Start of Records shown

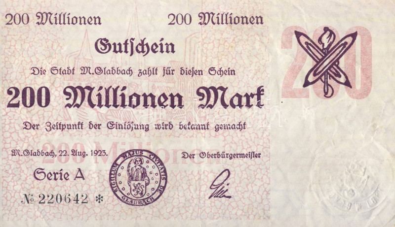Leírás: Német Birodalom/Weimari Köztársaság/München-Gladbach 1923.8.22. 200.000.000M T:II/III
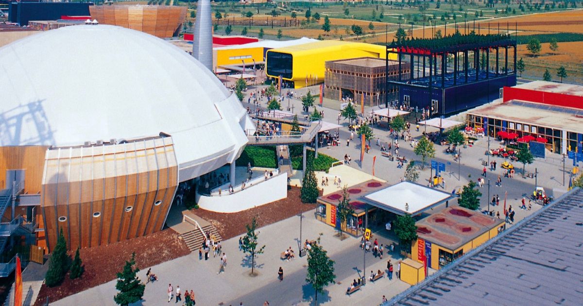 Vue d’un secteur de l’Exposition universelle de Hanovre (Expo 2000), où les pavillons contemporains et les espaces d’exposition illustraient les relations entre l’homme, la nature et la technologie.
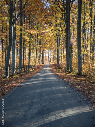 Fototapeta premium Country road surrounded by colorful beech wood in autumn
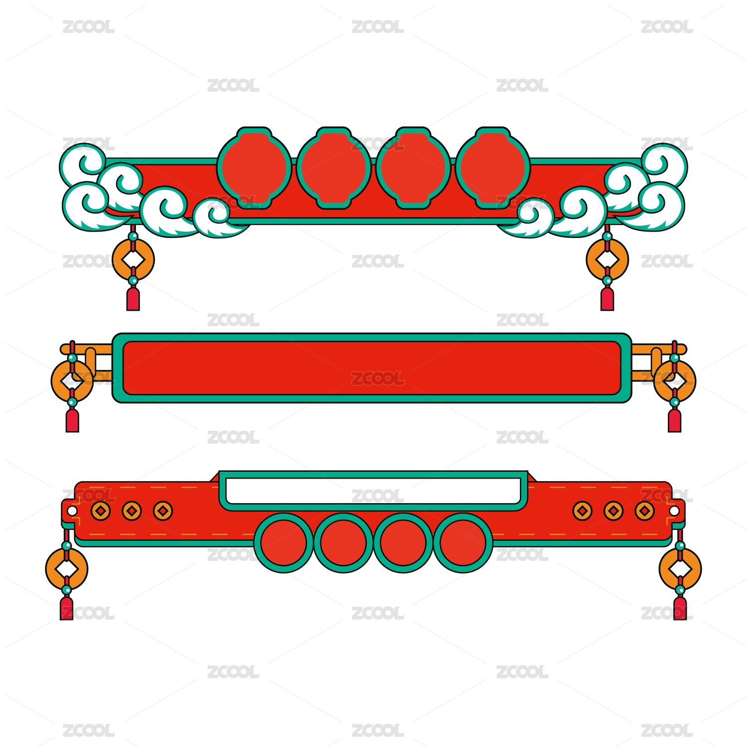 新年复古国潮矢量古典标题框春节主题框
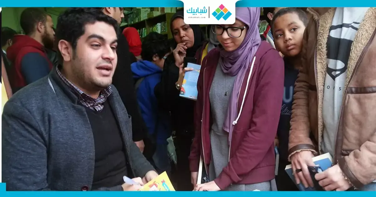 وسط عدد كبير من جمهوره الكاتب للحصول على توقيعه، عبر عن فرحتة العارمة بحضورهم، متمنيا أن يحقق كتابه مبيعات جيدة.
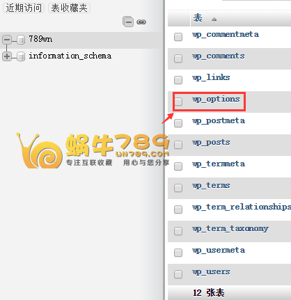 1、其实解决办法很简单,大家打开你的数据库控制面板,找到数据库中的“wp_options”数据表,点击进入。
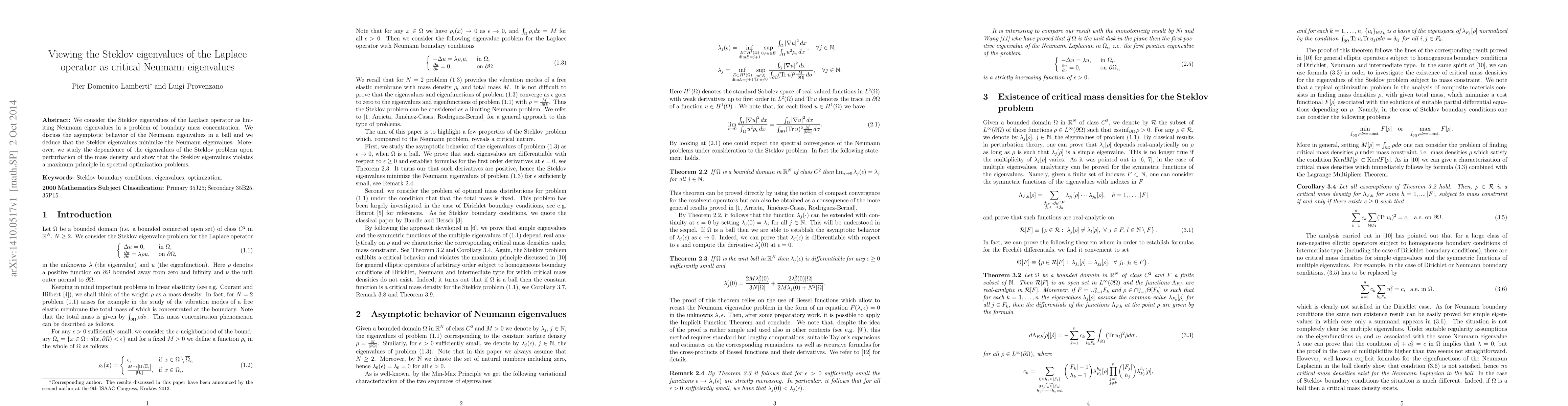 We consider the Steklov eigenvalues of the Laplace operator as limiting Neumann eigenvalues in a problem of boundary mass concentration. We discuss the asymptotic behavior of the Neumann eigenvalues in a ball and we deduce that the Steklov eigenvalues minimize the Neumann eigenvalues. Moreover, we study the dependence of the eigenvalues of the Steklov problem upon perturbation of the mass density and show that the Steklov eigenvalues violates a maximum principle in spectral optimization problems.

End of Records shown

## [Task to carry out]
Print all records verbatim, excluding pictures.

## [Result of the task]
Leírás: Német Birodalom/Weimari Köztársaság/München-Gladbach 1923.8.22. 200.000.000M T:II/III
 Vue d’un secteur de l’Exposition universelle de Hanovre (Expo 2000), où les pavillons contemporains et les espaces d’exposition illustraient les relations entre l’homme, la nature et la technologie.
 Fototapeta premium Country road surrounded by colorful beech wood in autumn
 新年复古国潮矢量古典标题框春节主题框
 وسط عدد كبير من جمهوره الكاتب للحصول على توقيعه، عبر عن فرحتة العارمة بحضورهم، متمنيا أن يحقق كتابه مبيعات جيدة.
 1、其实解决办法很简单,大家打开你的数据库控制面板,找到数据库中的“wp_options”数据表,点击进入。
 We consider the Steklov eigenvalues of the Laplace operator as limiting Neumann eigenvalues in a problem of boundary mass concentration. We discuss the asymptotic behavior of the Neumann eigenvalues in a ball and we deduce that the Steklov eigenvalues minimize the Neumann eigenvalues. Moreover, we study the dependence of the eigenvalues of the Steklov problem upon perturbation of the mass density and show that the Steklov eigenvalues violates a maximum principle in spectral optimization problems.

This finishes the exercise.